MANCHÁN MAGAN'stales of a travel addict
MY GRANNY USED to tell me I should clean my body as thoroughly in readiness for Jesus entering it at Mass as I would the house if the pope were coming to visit. Irish festivals remind me a bit of Mass, not in the sense of puritanical scouring or simplistic sermonising, but the way people put their best face forward. Festivals show Ireland at its most bright-buttoned, Sunday-suited best, with even a similar bunch of world-weary cynics propping up the back wall.
Locals at festivals behave as though on a first meeting with the in-laws, pasting on their brightest smiles, making everyone feel welcome. Visit Ennis during its Book Club Festival, or Westport during its upcoming arts festival, or Enniskillen during the fantastic new Happy Days festival, or Galway during any of its phenomenal fleadhs and féiles, and you are immediately made feel part of the family. Social conventions shift: one can initiate conversation with strangers, even share meals and buy drinks for people you’ve never met before.

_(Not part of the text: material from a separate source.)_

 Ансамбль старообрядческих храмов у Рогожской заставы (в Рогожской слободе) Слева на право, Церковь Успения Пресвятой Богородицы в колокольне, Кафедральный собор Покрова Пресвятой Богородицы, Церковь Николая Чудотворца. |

For the next two months every spare moment I have will be spent between the canals at the Absolut Fringe Festival and the Dublin Theatre Festival. The latter has the funds to attract shows from all around the world, but the former requires the audience use their imaginations. Two years ago Berlin Love Tour brought us on a tour of the war sites of Berlin through the streets of Temple Bar, ending up with a choir of angels in the heavenly realms of Fleet Street car park. Last year, Fergal McCarthy built a desert island on the Liffey and camped there for a week. This year he’s got himself a rowboat and will bring us on journeys into the worlds of stray words between Bachelors Walk and Usher’s Island, while Susan Boyle, a wine expert, claims she will bring us on a Wine Goose Chase from a basement off Dawson Street across the finest vineyards of France via the contents of fine wines produced by the descendants of the persecuted Irish who fled in the 17th and 18th century. The expensive French wines created by the Phelans, the Bartons and Lynches taunt me in wine shops, and I am hoping this show may be my opportunity to finally taste them.

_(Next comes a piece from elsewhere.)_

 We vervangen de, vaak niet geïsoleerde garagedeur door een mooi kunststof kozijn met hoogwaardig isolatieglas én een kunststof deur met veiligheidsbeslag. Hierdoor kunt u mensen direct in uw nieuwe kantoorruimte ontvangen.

I am pretty certain the audience will be chatting away together and sipping wine long after the show has ended. It was 2am when the group of us who went on the Berlin Love Tour finally went home – we had never met before and probably never will again. Likewise, the chats I had with bystanders along the quays while watching McCarthy camped on the river was one of the highlights of his performance. One of them told me how much wine used to pass along the Liffey long before Guinness ever brought a barge up, at a time when Ireland consumed four times as much wine as England: 12 million barrels a year in the 1720s.

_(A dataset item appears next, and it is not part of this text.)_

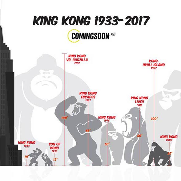- 1933 King Kong ~ 5.5 – 21 m (18 – 69 ft)*

Even long before that, according to this stranger, the Vikings were bringing French wine up the Liffey. In the 10th century, Brian Boru received a ton of wine for every day of the year from the Vikings of Limerick and 150 casks from those of Dublin. Ireland and France have seemed more closely interconnected to me ever since I learnt that.
Even before the Vikings, Ireland was bound to France through wine, with St Patrick believed to have planted vines in the village of St Patrice in the Loire Valley, where his Chateauneuf-du-Pape Clos St Patrice was still produced until the 1950s.
This is the sort of intriguing, but useless insight you learn at festivals, if not at Mass. My granny was a teetotaller and a daily communicant, but I wonder if she’d known about St Patrick’s fine Loire red, might she have allowed herself a sip?